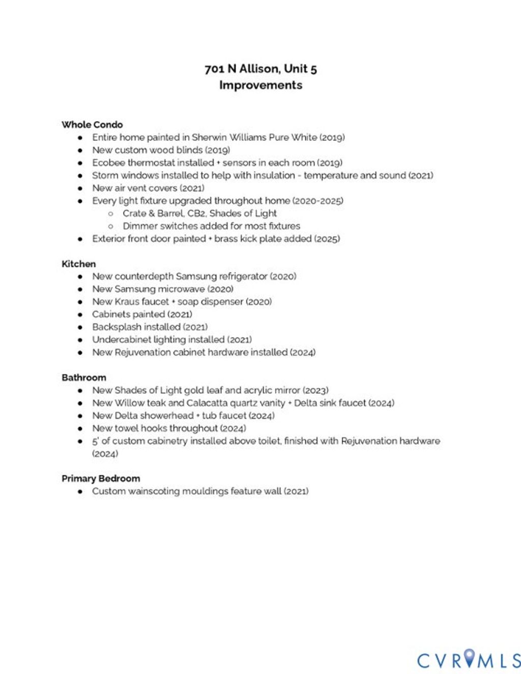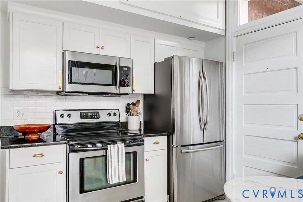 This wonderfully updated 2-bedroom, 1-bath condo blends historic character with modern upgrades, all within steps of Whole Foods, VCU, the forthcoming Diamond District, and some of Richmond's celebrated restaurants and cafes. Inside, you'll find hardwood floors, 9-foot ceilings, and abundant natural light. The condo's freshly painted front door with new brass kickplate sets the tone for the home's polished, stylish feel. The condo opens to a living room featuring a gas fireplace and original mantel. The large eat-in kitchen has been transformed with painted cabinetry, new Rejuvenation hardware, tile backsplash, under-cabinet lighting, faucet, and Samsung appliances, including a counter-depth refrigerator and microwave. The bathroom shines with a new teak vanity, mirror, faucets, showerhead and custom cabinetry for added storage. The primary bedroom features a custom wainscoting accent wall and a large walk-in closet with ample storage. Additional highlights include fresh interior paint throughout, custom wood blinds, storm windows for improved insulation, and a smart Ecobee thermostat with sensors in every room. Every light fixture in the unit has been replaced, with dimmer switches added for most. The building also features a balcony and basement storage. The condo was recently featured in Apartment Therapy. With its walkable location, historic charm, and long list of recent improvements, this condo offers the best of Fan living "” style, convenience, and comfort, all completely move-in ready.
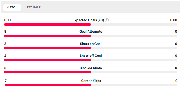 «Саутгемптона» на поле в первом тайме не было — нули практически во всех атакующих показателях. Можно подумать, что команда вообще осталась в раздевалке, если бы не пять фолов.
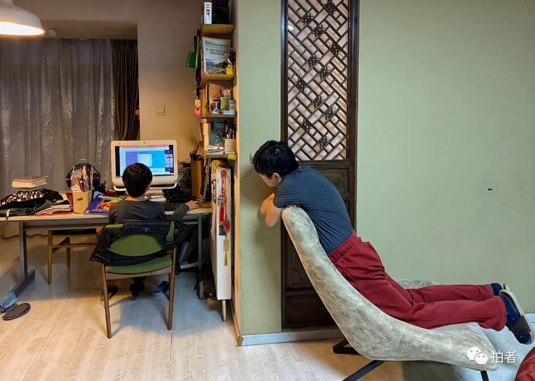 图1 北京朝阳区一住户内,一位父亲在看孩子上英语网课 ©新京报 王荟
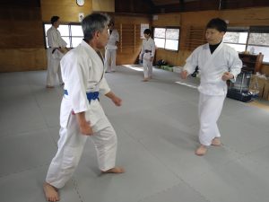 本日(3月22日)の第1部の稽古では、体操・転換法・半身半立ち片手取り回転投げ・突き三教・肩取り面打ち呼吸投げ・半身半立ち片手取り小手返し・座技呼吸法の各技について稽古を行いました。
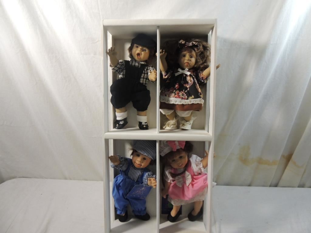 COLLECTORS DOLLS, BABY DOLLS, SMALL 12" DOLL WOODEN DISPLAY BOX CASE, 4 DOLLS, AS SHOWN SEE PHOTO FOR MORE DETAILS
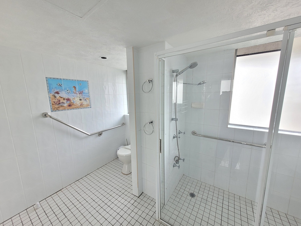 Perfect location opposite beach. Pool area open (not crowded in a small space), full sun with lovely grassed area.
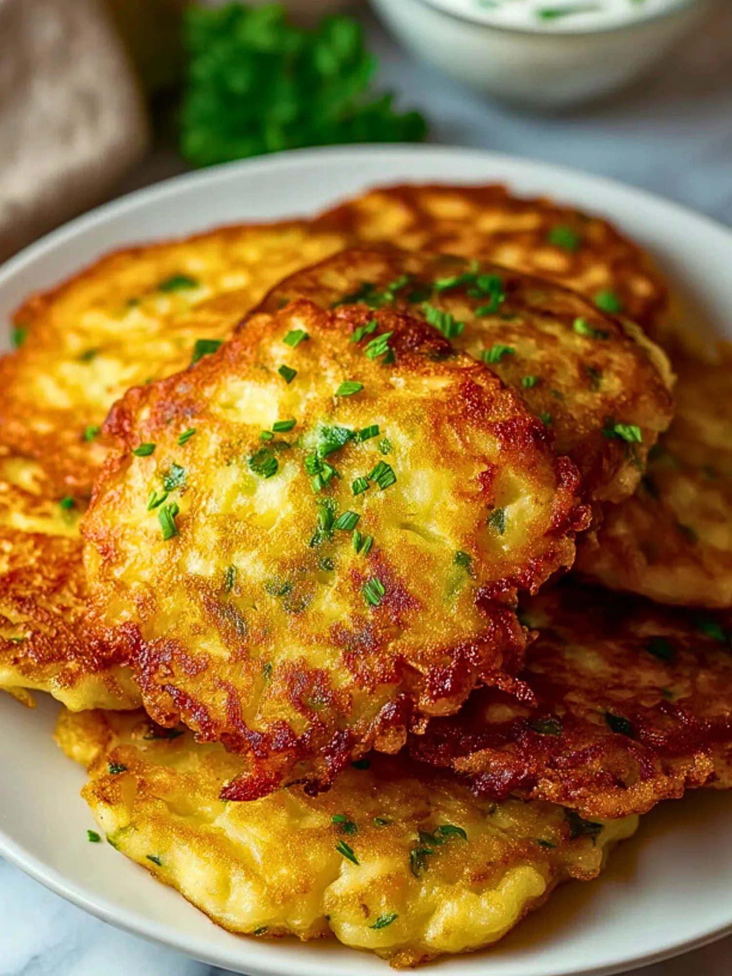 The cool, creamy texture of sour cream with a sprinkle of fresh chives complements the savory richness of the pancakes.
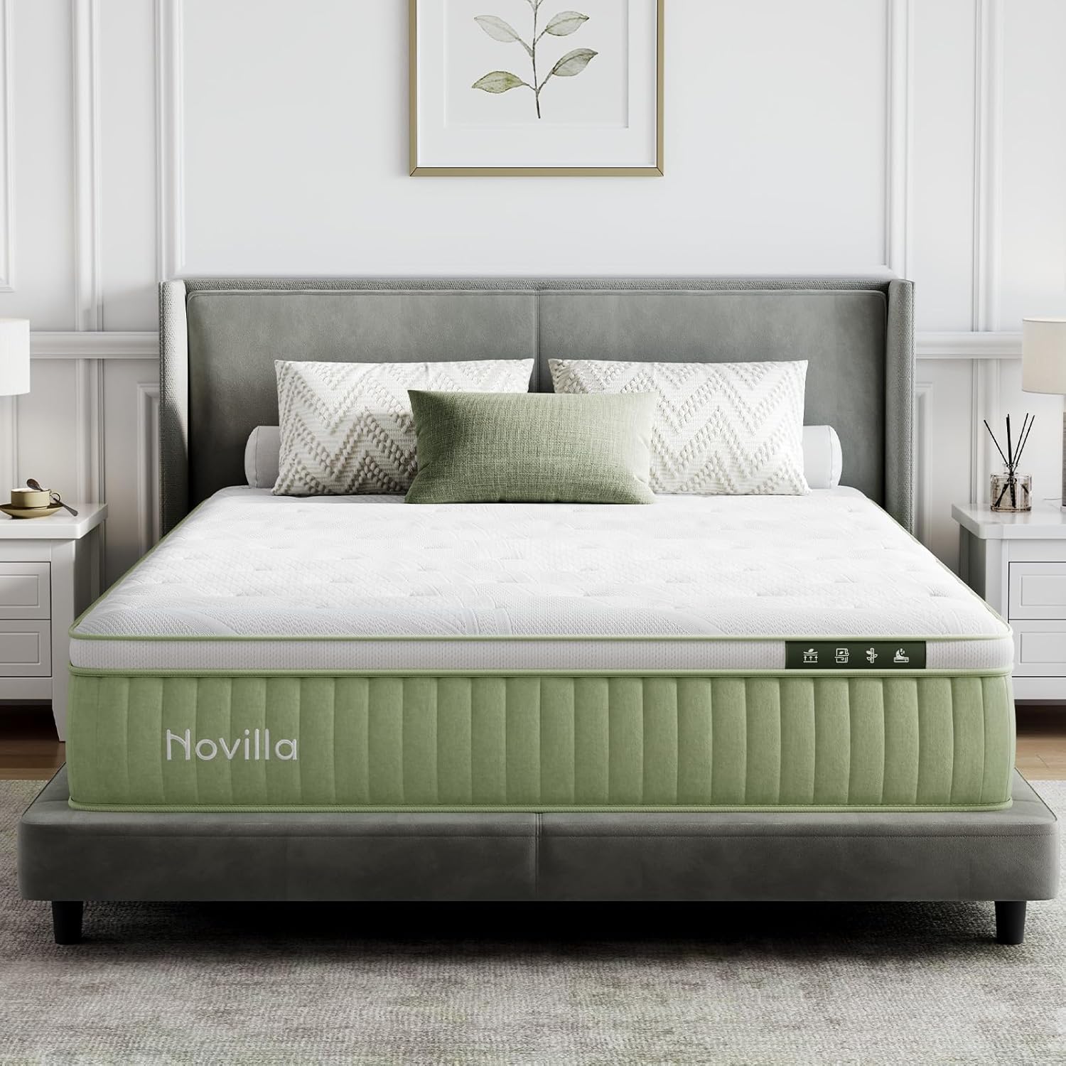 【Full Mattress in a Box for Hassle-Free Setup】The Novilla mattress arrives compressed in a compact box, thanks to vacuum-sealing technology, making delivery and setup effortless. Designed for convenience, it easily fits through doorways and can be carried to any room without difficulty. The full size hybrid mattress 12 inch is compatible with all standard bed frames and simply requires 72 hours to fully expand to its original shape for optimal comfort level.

WORK TO BE COMPLETED - Pictures do not belong in the copy. Reproduce the rest of the data exactly.

RESULT OF THE TASK -
 This wonderfully updated 2-bedroom, 1-bath condo blends historic character with modern upgrades, all within steps of Whole Foods, VCU, the forthcoming Diamond District, and some of Richmond's celebrated restaurants and cafes. Inside, you'll find hardwood floors, 9-foot ceilings, and abundant natural light. The condo's freshly painted front door with new brass kickplate sets the tone for the home's polished, stylish feel. The condo opens to a living room featuring a gas fireplace and original mantel. The large eat-in kitchen has been transformed with painted cabinetry, new Rejuvenation hardware, tile backsplash, under-cabinet lighting, faucet, and Samsung appliances, including a counter-depth refrigerator and microwave. The bathroom shines with a new teak vanity, mirror, faucets, showerhead and custom cabinetry for added storage. The primary bedroom features a custom wainscoting accent wall and a large walk-in closet with ample storage. Additional highlights include fresh interior paint throughout, custom wood blinds, storm windows for improved insulation, and a smart Ecobee thermostat with sensors in every room. Every light fixture in the unit has been replaced, with dimmer switches added for most. The building also features a balcony and basement storage. The condo was recently featured in Apartment Therapy. With its walkable location, historic charm, and long list of recent improvements, this condo offers the best of Fan living "” style, convenience, and comfort, all completely move-in ready.
 «Саутгемптона» на поле в первом тайме не было — нули практически во всех атакующих показателях. Можно подумать, что команда вообще осталась в раздевалке, если бы не пять фолов.
 图1 北京朝阳区一住户内,一位父亲在看孩子上英语网课 ©新京报 王荟
 本日(3月22日)の第1部の稽古では、体操・転換法・半身半立ち片手取り回転投げ・突き三教・肩取り面打ち呼吸投げ・半身半立ち片手取り小手返し・座技呼吸法の各技について稽古を行いました。
 COLLECTORS DOLLS, BABY DOLLS, SMALL 12" DOLL WOODEN DISPLAY BOX CASE, 4 DOLLS, AS SHOWN SEE PHOTO FOR MORE DETAILS
 Perfect location opposite beach. Pool area open (not crowded in a small space), full sun with lovely grassed area.
 The cool, creamy texture of sour cream with a sprinkle of fresh chives complements the savory richness of the pancakes.
 【Full Mattress in a Box for Hassle-Free Setup】The Novilla mattress arrives compressed in a compact box, thanks to vacuum-sealing technology, making delivery and setup effortless. Designed for convenience, it easily fits through doorways and can be carried to any room without difficulty. The full size hybrid mattress 12 inch is compatible with all standard bed frames and simply requires 72 hours to fully expand to its original shape for optimal comfort level.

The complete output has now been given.